3. What do you think these liquids will do to the apple?

I think some of these liquids will affect the apple in terms of preventing enzymatic browning, while
others won't. I also assume that vinegar and calamansi can prevent enzymatic browning better
than milk and water as they both contain anti-oxidants, which help prevent the oxidation process.

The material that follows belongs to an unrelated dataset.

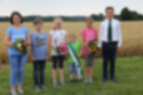 vlnr: Ehrendame Franziska David, Ehrenherr Robin Frieling, Königin Franziska Klümper, König Fabian David, Ehrendame Heike Wittkamp, Ehrenherr Sven Klümper
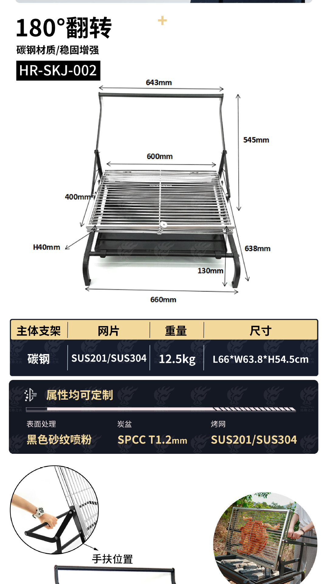 Parrilla de barbacoa al aire libre de venta directa de fábrica, barbacoa de barbacoa para acampar en el hogar, parrilla de patio al aire libre europea y americana reversible

4. How are the apple slices different after 15 to 20 minutes? What did each liquid do to the apple
slice? Can you explain your results?

The apple slice sprinkled with milk has the most obvious enzymatic browning, the one sprinkled
with water has minimal enzymatic browning, the one sprinkled with calamansi has minimal to no
enzymatic browning, and the one sprinkled with vinegar prominently showed the least enzymatic
browning. The acidity of the lemon and vinegar decreased the pH of the apple, preventing
oxidation. They also contain antioxidants, which help to prevent enzymatic browning. Since
oxygen reacts with the antioxidants in the lemon and vinegar rather than the polyphenols in the
cells of the apple, no browning occurs. Milk, on the other hand, had no effect on the enzymatic
browning of the apple because milk is slightly acidic but close to neutral, and thus cannot prevent
the oxidation process. Lastly, Water is a neutral substance that has no effect on the reaction,
which is why enzymatic browning was not prevented.